- Activity -
Set down the data below exactly; pictures stay out.

- Dataset excerpt -

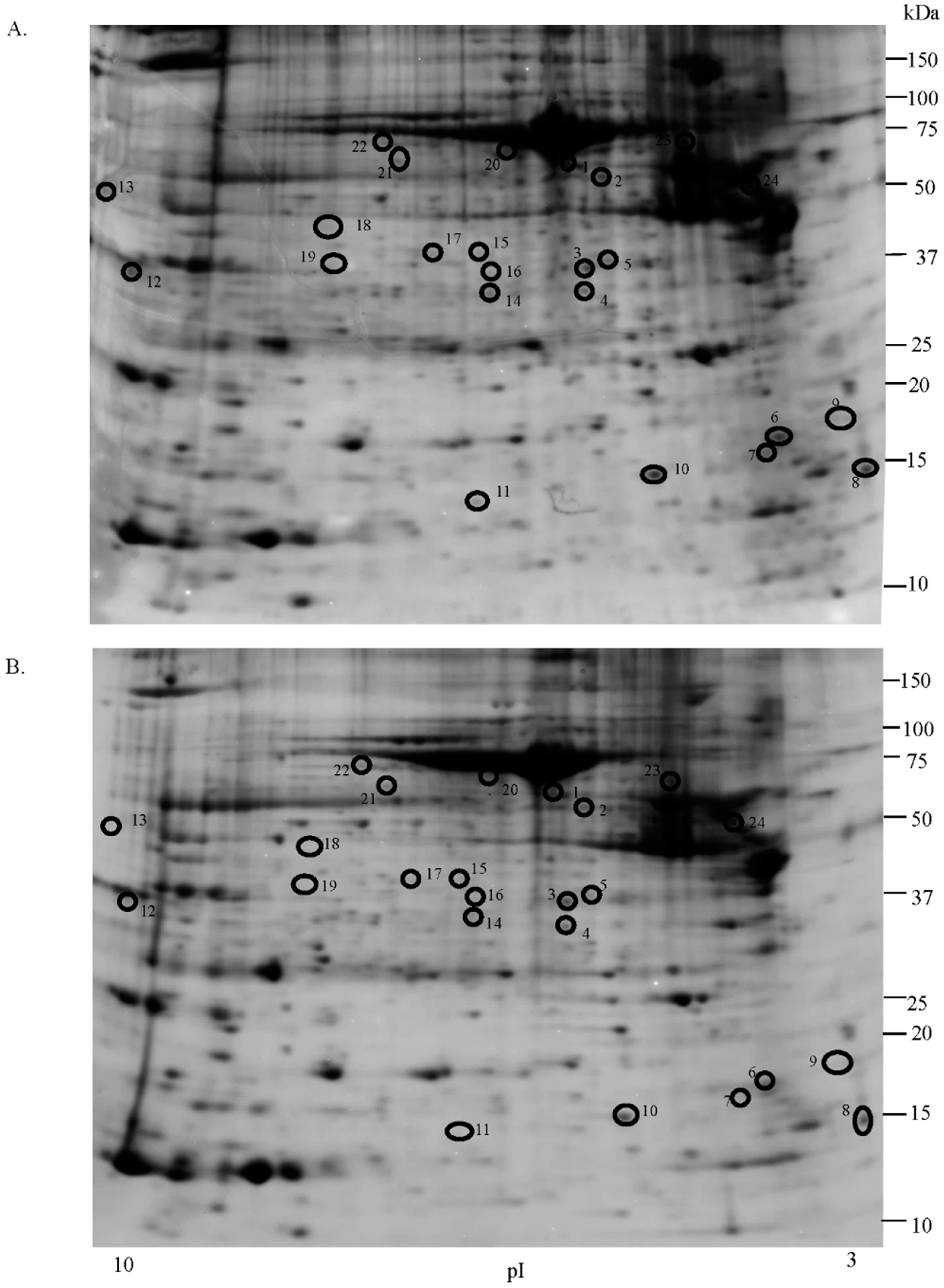 Two-dimensional electrophoresis map of uterine leiomyoma (A) and normal myometrium (B) proteome. Black circles indicate up-regulated protein spots. Immobilized pH gradient 3–10 NL strips were used for the first dimension, and 12.5% polyacrylamide gel was used for the second dimension.
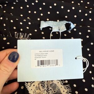 Selling this NWT Hill House Francesca dress in a size medium! Super cute midi length with polka dots and lace trip and adjustable straps. Sad to sell just missed the return window :(
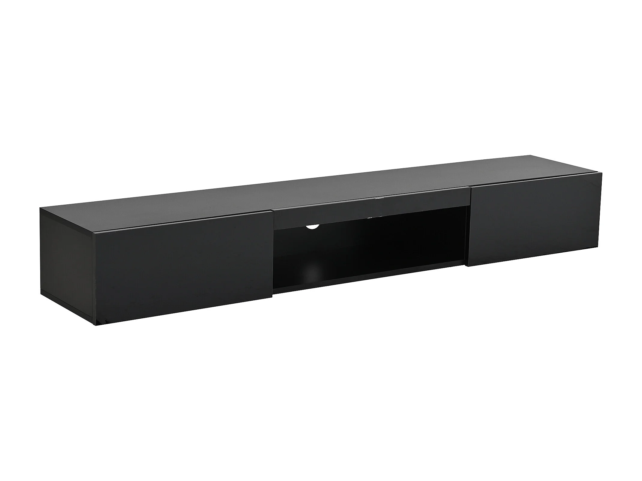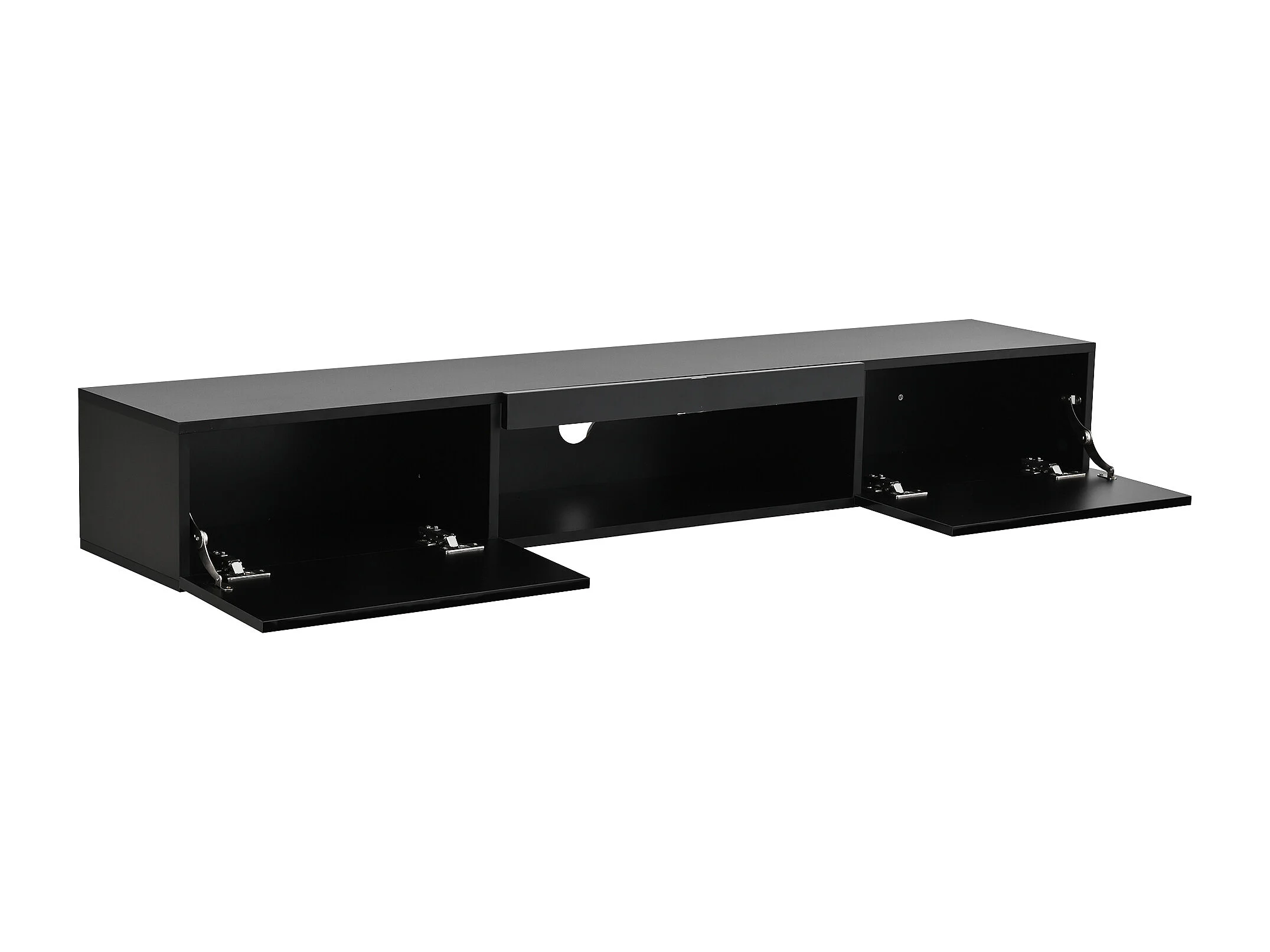 Mueble de TV de pared lacado alto brillo, 160 x 31 x 22 cm, con iluminación LED y 2 puertas - Negro

- Result of the task -
 Two-dimensional electrophoresis map of uterine leiomyoma (A) and normal myometrium (B) proteome. Black circles indicate up-regulated protein spots. Immobilized pH gradient 3–10 NL strips were used for the first dimension, and 12.5% polyacrylamide gel was used for the second dimension.
 Selling this NWT Hill House Francesca dress in a size medium! Super cute midi length with polka dots and lace trip and adjustable straps. Sad to sell just missed the return window :(
 Mueble de TV de pared lacado alto brillo, 160 x 31 x 22 cm, con iluminación LED y 2 puertas - Negro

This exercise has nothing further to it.